Reactions were cleaned per the ‘16S Metagenomic Sequencing Library Preparation’ protocol (Illumina, USA), with the exception that samples were dried for 90 s following removal of ethanol, rather than for 10 min. Samples were eluted in 30 µl Buffer EB (Qiagen, Germany). Purified DNA proceeded to index PCR per the Illumina protocol, with the exception that 15 µl template was used, while PCR-grade water was omitted from the recipe. Index PCR products were cleaned per the Illumina protocol, reducing the drying time, as above. DNA quantification was performed using a Qubit fluorometer, as above.
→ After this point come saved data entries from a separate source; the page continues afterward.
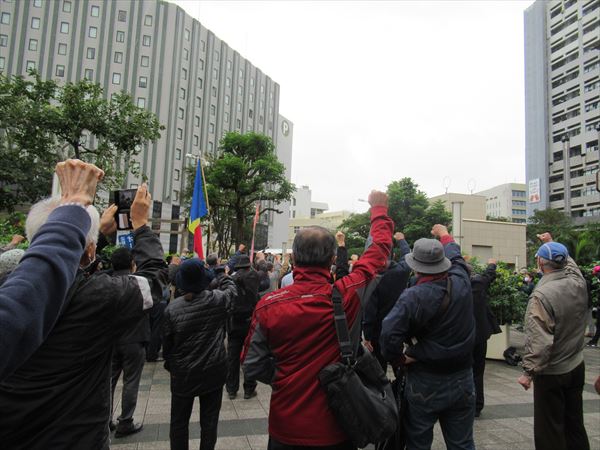 集会には、市民をはじめ、昼休み中の県庁職員や、那覇市役所の職員など250人余が参加した。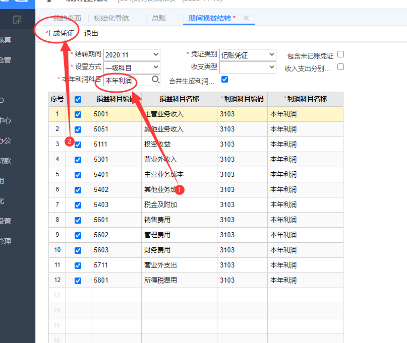 设置完本年利润科目就可以点上面的“生成凭证”了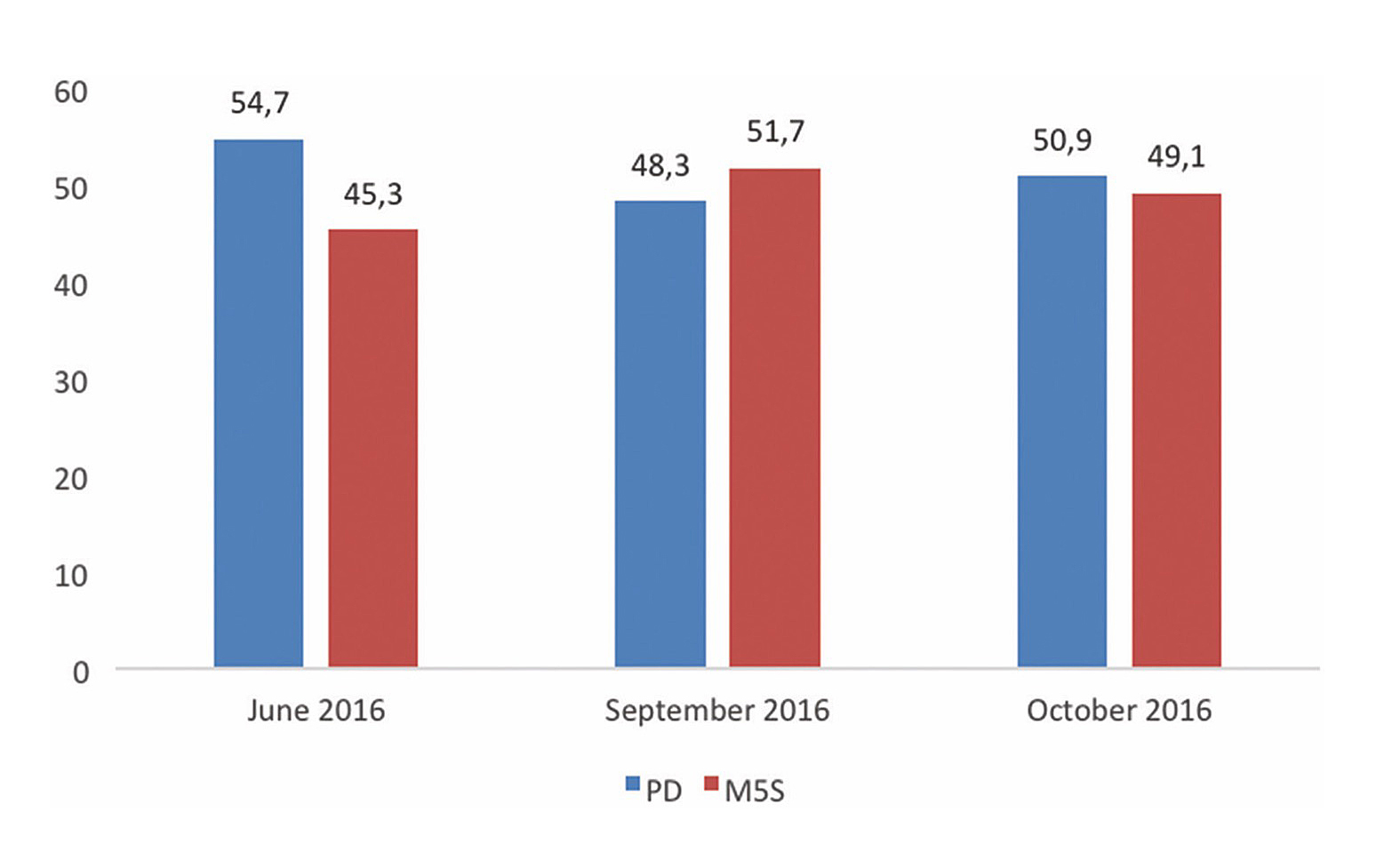 Voting intentions in the hypothetical run-off election between Democratic Party (PD) and Five Star Movement (M5S), 2016 (percentage values)
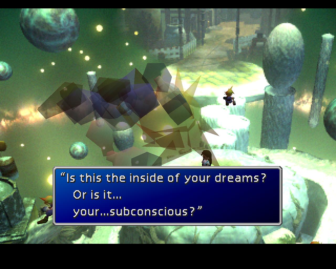 Il viaggio all’interno del subconscio di Cloud è decisamente una delle parti più inconsuete e affascinanti di Final Fantasy VII. A differenza di molti protagonisti di JRPG, Cloud non è semplicemente afflitto da amnesia, piuttosto non riesce a rievocare solo alcuni particolari del suo passato, perché i suoi ricordi sono mischiati con quelli di Zack. A differenza di altri personaggi non c’è una rivelazione di comodo a sistemare le cose, ma con l’aiuto di Tifa deve ricostruire il filo dei suoi ricordi per scoprire la verità sul suo passato, una verità nascosta dalle sue stesse illusioni scatenate dallo shock sia fisico che psicologico che ha subito, e dalle manipolazioni e dalle bugie che gli sono state propinate in seguito.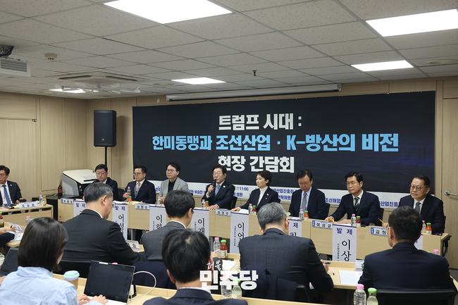 [일간환경연합 신상미 기자] 이재명 더불어민주당 대표는 19일 열린 ‘트럼프 시대: 한미동맹과 조선산업·K-방산의 비전’ 현장 간담회 에서 "미국의 경제·통상 정책 변화 속에서 우리 조선·방위산업이 기회를 찾을 수 있도록 한미 협력을 적극 모색해야 한다"고 강조했다.

Samples were normalised separately by pooling 40 ng DNA per sample. Samples that were too dilute to be normalised to these quantities had their total volume added to the pool. A paired-end, 300-bp run was subsequently completed on an Illumina MiSeq, at GENEWIZ, Inc., USA.
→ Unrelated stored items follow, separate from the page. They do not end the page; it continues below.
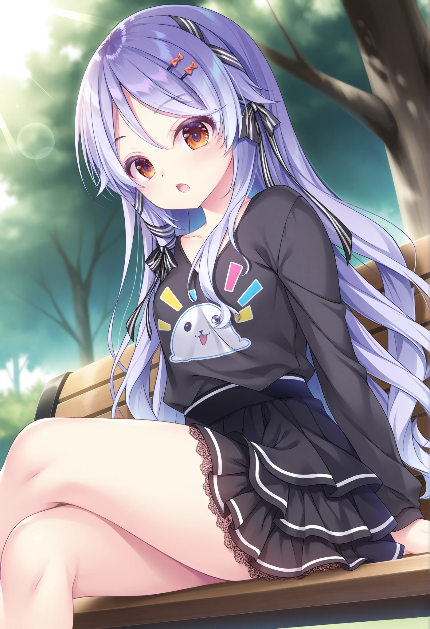 Yamabuki Alice,purple hair,very long hair,hair ribbon,black ribbon,striped ribbon,parallel hairclips,orange eyes,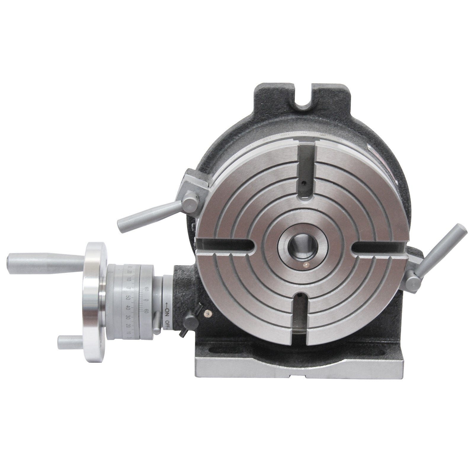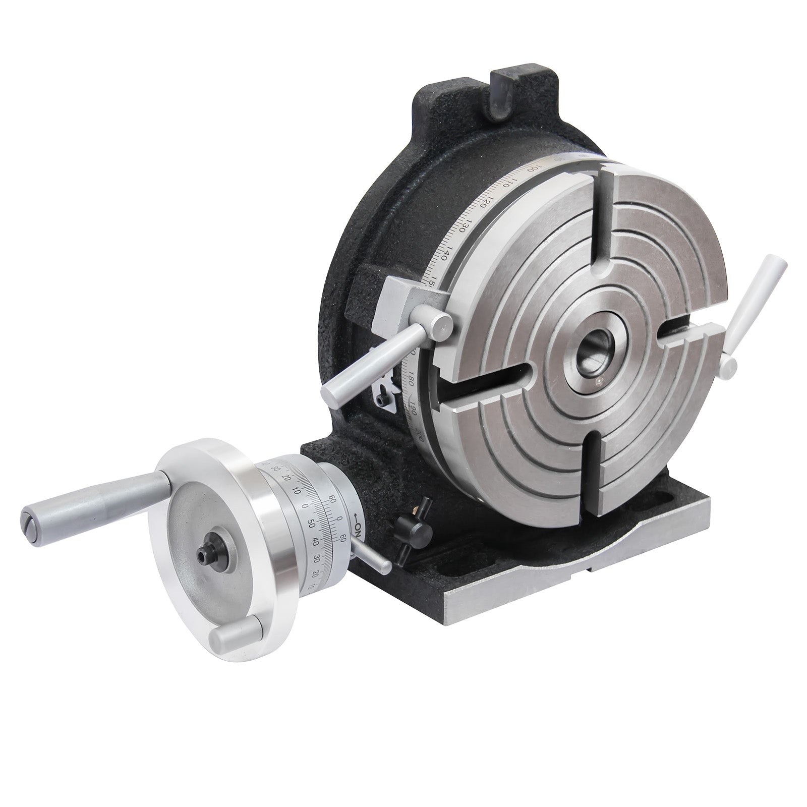 A: The rotary table has an 8-inch diameter, ideal for medium-size machining and milling applications.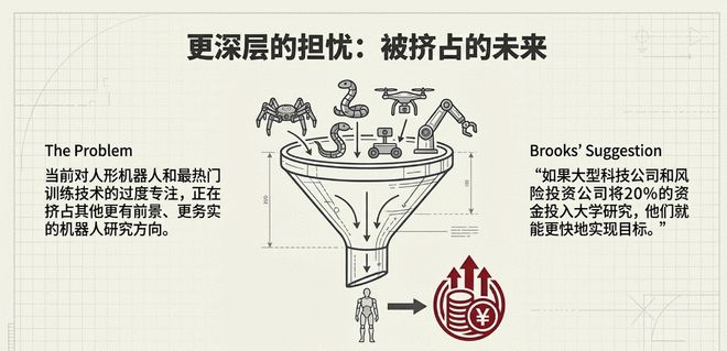 布鲁克斯的担忧也指向了另一个深层次的问题:当前对人形机器人和最热门训练技术的过度专注,正在挤占其他更有前景、更务实的机器人研究方向。他指出:“如果大型科技公司和风险投资公司将20%的资金投入大学研究,他们就能更快地实现目标。”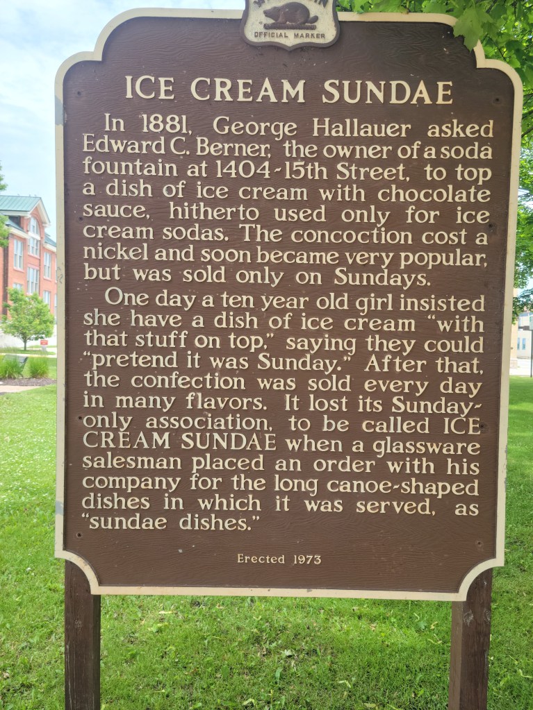 Ferry boat – check, pothole er, uh Sputnik crash site – check. What’s next. How about the place where the ice cream sundae originated. Not sure if this is the real story but there is a plaque (which is more truthful than reading it on the internet).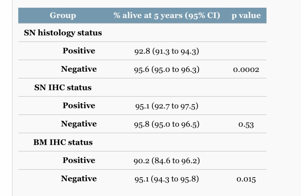 - Showed that neither IHC detected metastasis in SN (p=0.66) or BM (p=0.08):
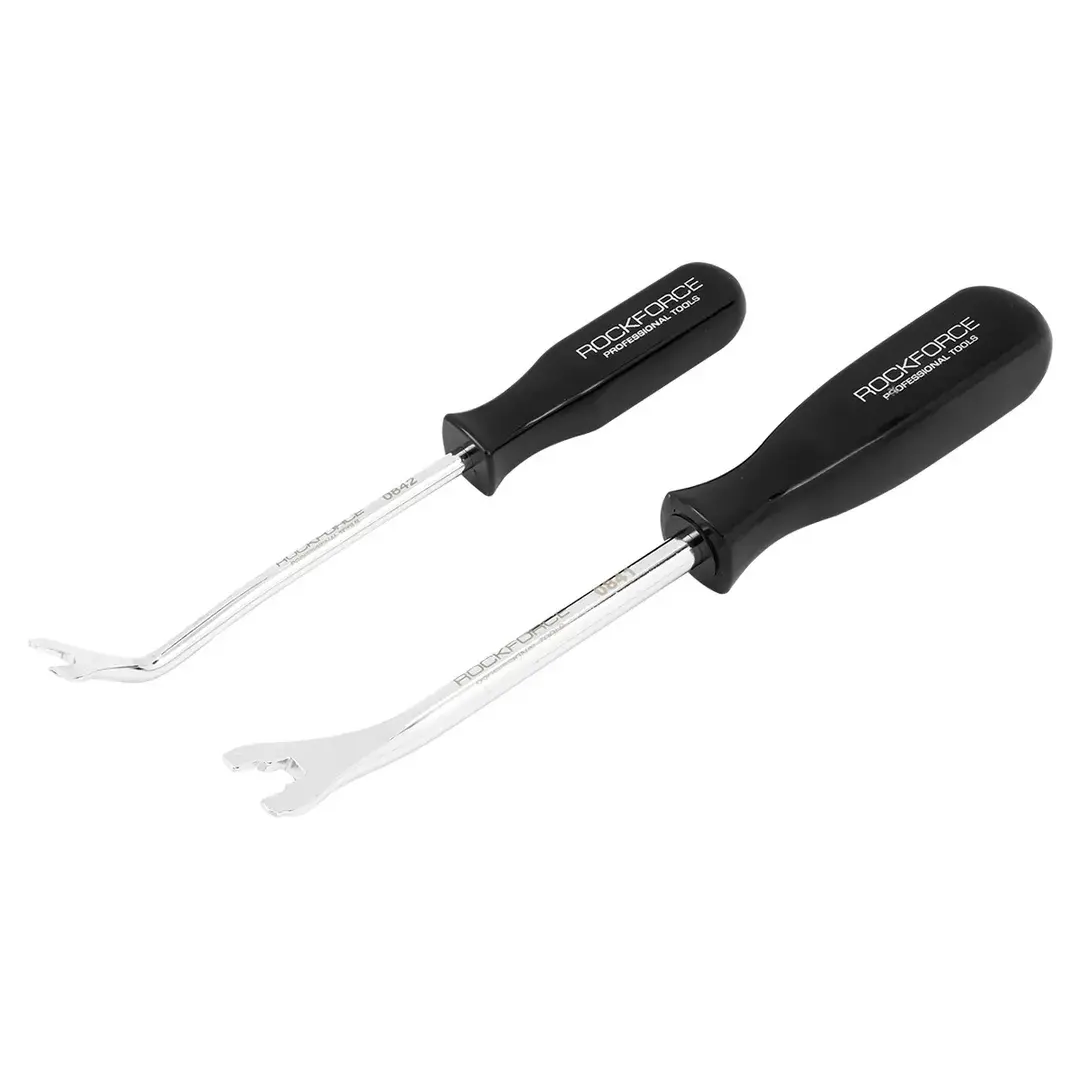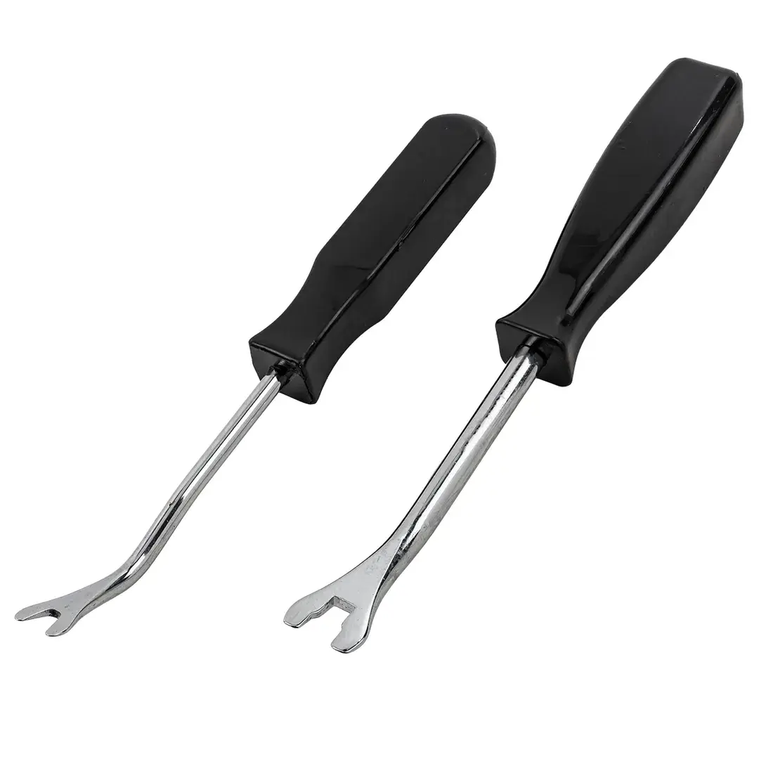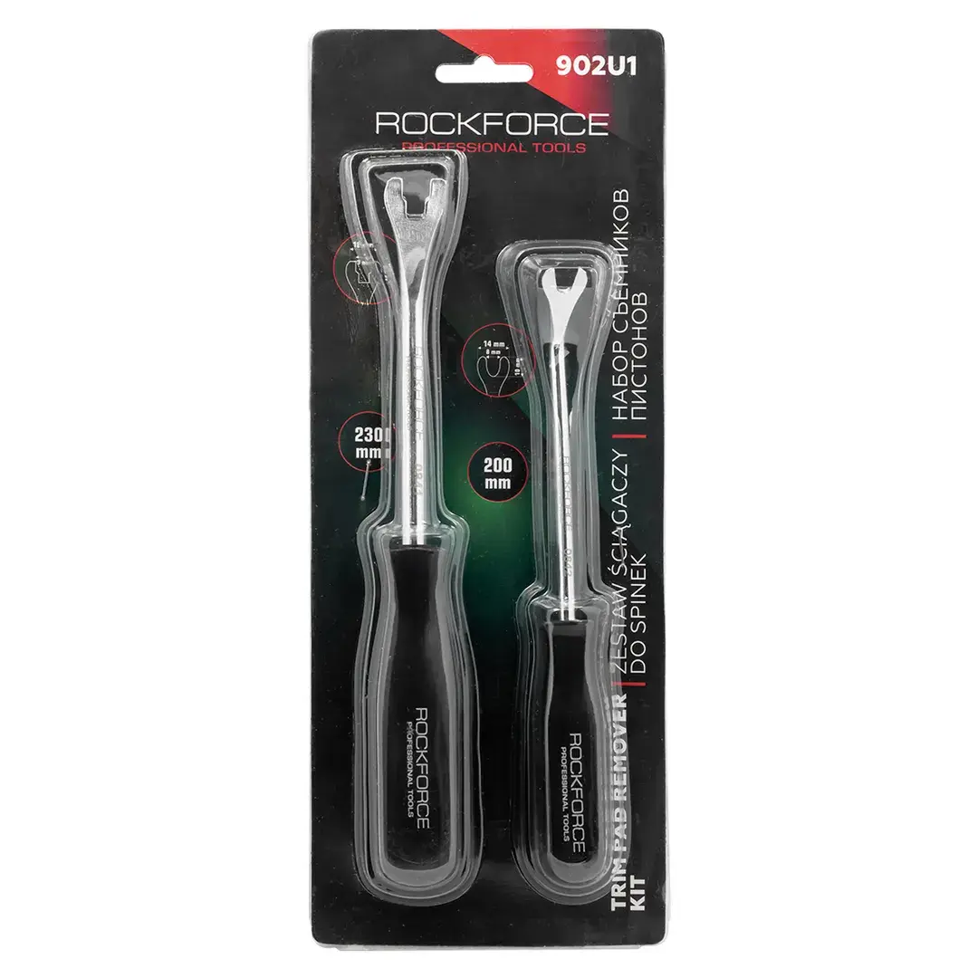 Набор из 2 съемников для пистонов "вилка"- незаменимый инструмент для ремонта автомобилей. Съемники изготовлены из высококачественной стали, обеспечивающей долговечность и надежность работы. В комплект входят два съемника различных размеров: 200 и 230мм, что позволяет использовать их для различных моделей транспортных средств. Эти съемники клипс легко устанавливаются на пистоны и позволяют быстро и безопасно их снимать

Bioinformatic data processing

The quality of 2 × 300-bp, paired-end sequence data was initially visualised using FastQC (v0.11.6), and then filtered and trimmed using Trimmomatic (v0.36), to ensure a minimum average quality of 25. The remaining high-quality reads were imported into the R environment (v3.6.2) for processing with the DADA2 package (v1.8.0). DADA2 was used to build an error model used to collapse raw sequences into amplicon sequence variants (ASV), which were then filtered to remove chimeric reads and human-aligning sequences. ASVs were classified to the genus level using the classify.seqs function within the Mothur suite of tools, with species-level resolution provided by SPINGO directed at the most recent SILVA database (v138).
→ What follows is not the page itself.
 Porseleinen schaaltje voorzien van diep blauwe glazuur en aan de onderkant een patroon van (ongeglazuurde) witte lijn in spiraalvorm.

The bioinformatic contamination control tools Decontam (v1.0.0)16 and SourceTracker (v1.0)15 were used, according to published guidelines9,14, to retrospectively assess and remove contamination, based on sequencing data from negative controls.

Data analysis and visualisation

All statistical analyses were performed in the R environment. Microbial composition was evaluated with “vegan” (v 2.5-7) by performing principal component analysis (PCA) on Aitchison distances, which were calculated with ‘ALDEx2’ (v 2_1.16.0). Differences between sample location were assessed using permutational multivariate analysis of variance (PERMANOVA). ‘ALDEx2’ was used to calculate pairwise differential abundances. To distinguish between tissue sampling sites, n leave-one-out gradient-boosted tree models were generated, using “xgboost” (v1.2.0.1). To predict the class of the nth sample. Optimal model hyperparameters were determined with bootstrapping of 100 iterations and five-fold cross-validations. The performance of the classification was measured by the area under the ROC curve (AUC), utilising the “pROC” package (v1.16.2). This curve is constructed by plotting the sensitivity, or true positive rate, against the false positive rate, which is calculated as 1-specificity. Feature importance was determined by the ‘gain’ that an included bacterial species added to a model and the frequency with which each species was used for a model.